At lease 25,188 gold coins released by the Reserve Bank of Zimbabwe in 2022 have been sold between July 2022 and January 13 2023, the bank’s Governor has said in a policy statement.
The gold coins were introduced in July 2022 as the government’s solution for people in the country to store value as inflation runs rampant in the economy. Besides being a store of value to stabilize the nation’s tumbling exchange rate, the coins were also an alternative to the US dollar which is in high demand.

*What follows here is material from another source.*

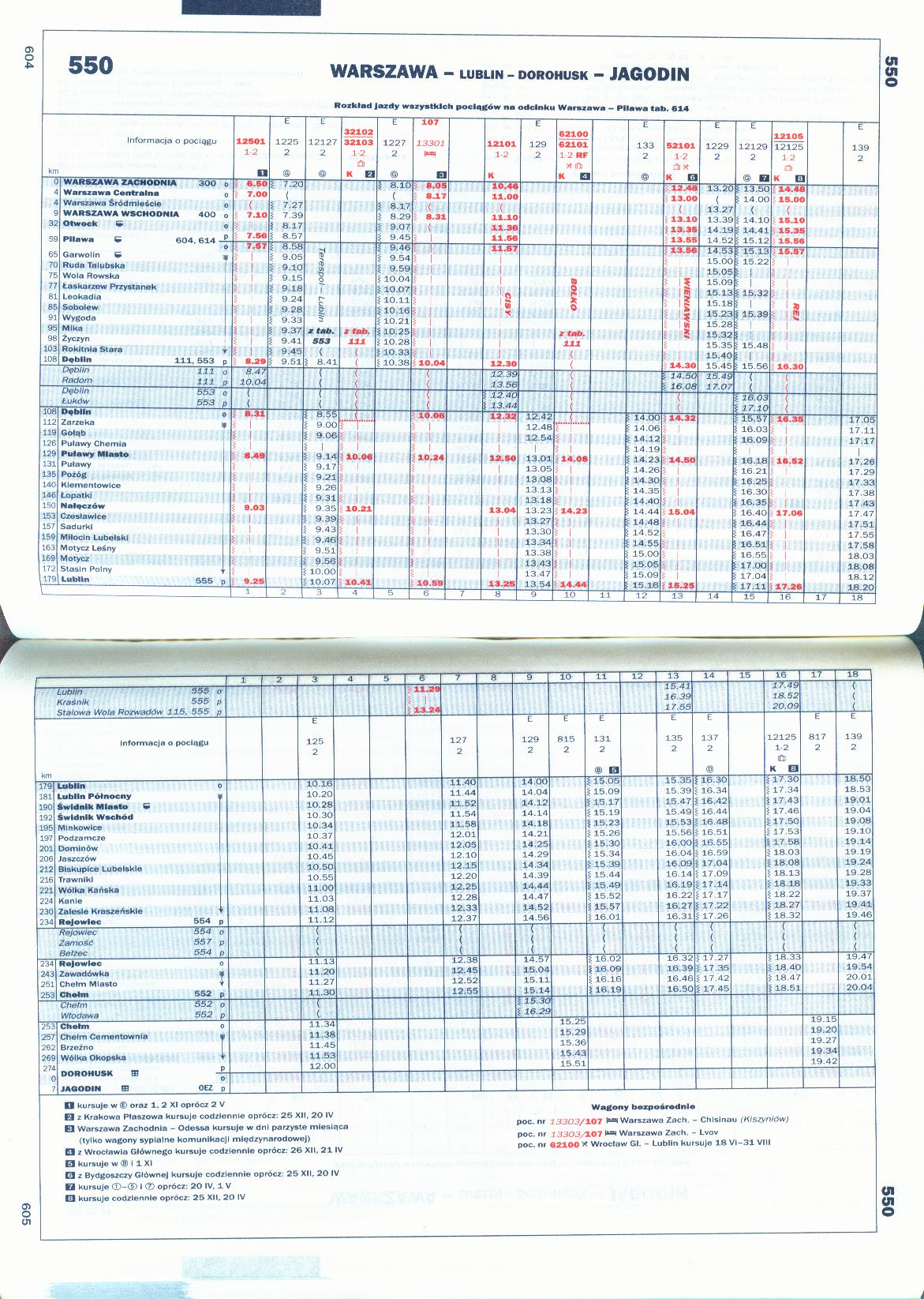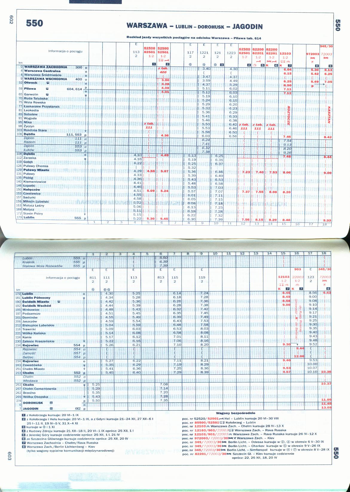 550 Warszawa – Lublin – Dorohusk – Jagodin str. 602 - 603

Reserve Bank of Zimbabwe 🇿🇼 Governor, John Mangudya, holds a sample of a gold coin at the launch in Harare, Monday, July 25, 2022https://t.co/tPrEJUV3Gi pic.twitter.com/8clZelVKzP
— BitKE (@BitcoinKE) March 16, 2023
Month-on-Month inflation fell from a high of 30.74% in June 2022 to 1.1% in January 2023, the country’s Statistics office said. But the 230% inflation rate remains one of the highest in the world.
🇿🇼Month-on-Month inflation fell from a high of 30.74% in June 2022 to 1.1% in January 2023 since the introduction of gold coins, said the Zimbabwe Statistics office pic.twitter.com/AabEcJgjDz
— BitKE (@BitcoinKE) March 16, 2023
Between July 2022 and January 13, 2023, the Zimbabwean central bank sold 25,188 “Mosi-oa-Tunya” gold coins valued at over $28 million ($20 billion in ZWD), with 84% of the purchases made by corporates and 16% by individuals.

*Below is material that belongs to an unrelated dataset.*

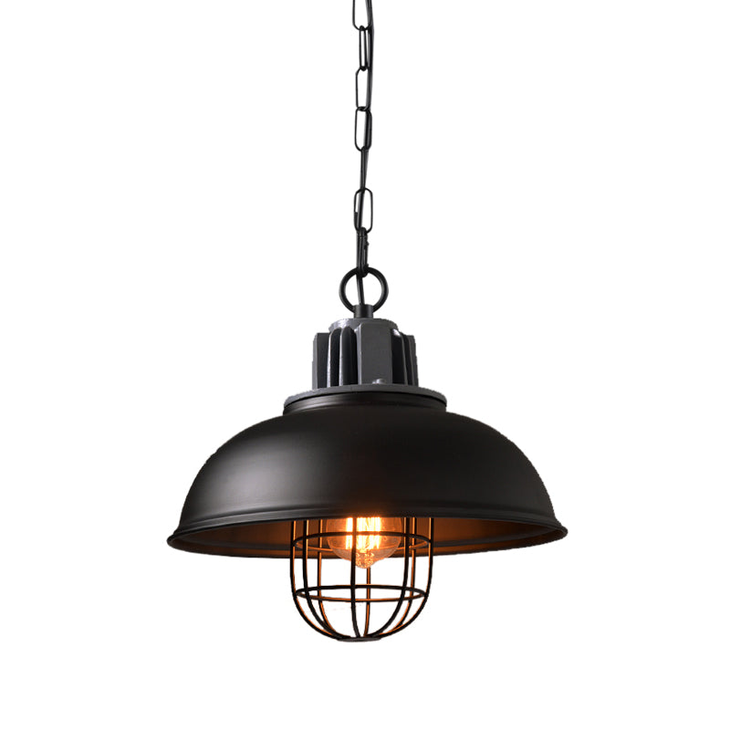 Bowl Dining Room Suspension Lighting Industrial Iron 1 Head Black/White Drop Pendant with Cage Clearhalo 'Art Deco Pendants' 'Black' 'Cast Iron' 'Ceiling Lights' 'Ceramic' 'Crystal' 'Industrial Pendants' 'Industrial' 'Metal' 'Middle Century Pendants' 'Pendant Lights' 'Pendants' 'Rustic Pendants' 'Tiffany' Lighting' 1969691

While the coins were initially targeting wealthier customers, lower denomination gold coins introduced in November 2022 ‘accounted for 38% of all sales,’ the bank said.
“The coins have proved to be an effective open market instrument for mopping up excess liquidity in the economy and a retail investment product for preserving value for investable funds,” said the bank’s Governor, John Mangudya.

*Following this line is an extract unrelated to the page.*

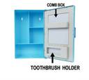 Epraiser SMALL MINI BATHROOM RACK SHELF STORAGE BOX WITH MIRROR WALL DECOR Plastic Wall Shelf (Number of Shelves - 3, Blue, White)

The coins, which have a 180-day vesting period, along with the high-interest rate policy, helped stabilize inflation and the local currency’s exchange rate versus the US dollar, according to the RBZ Governor.
On the other hand, in September 2022, the International Monetary Fund (IMF) urged Zimbabwe to boost its own gold reserves instead of selling gold coins.
“The sale of gold coins has contributed to withdrawing Zimbabwe dollar liquidity from the market, though it represents an opportunity cost in terms of foregone reserves for the Reserve Bank of Zimbabwe,” according to an IMF spokesperson quoted by Bloomberg.
The bank ‘will continue to avail gold coins on a demand-driven basis as it seeks to promote a savings culture,’ said Governor Mangudya in his 2023 policy statement.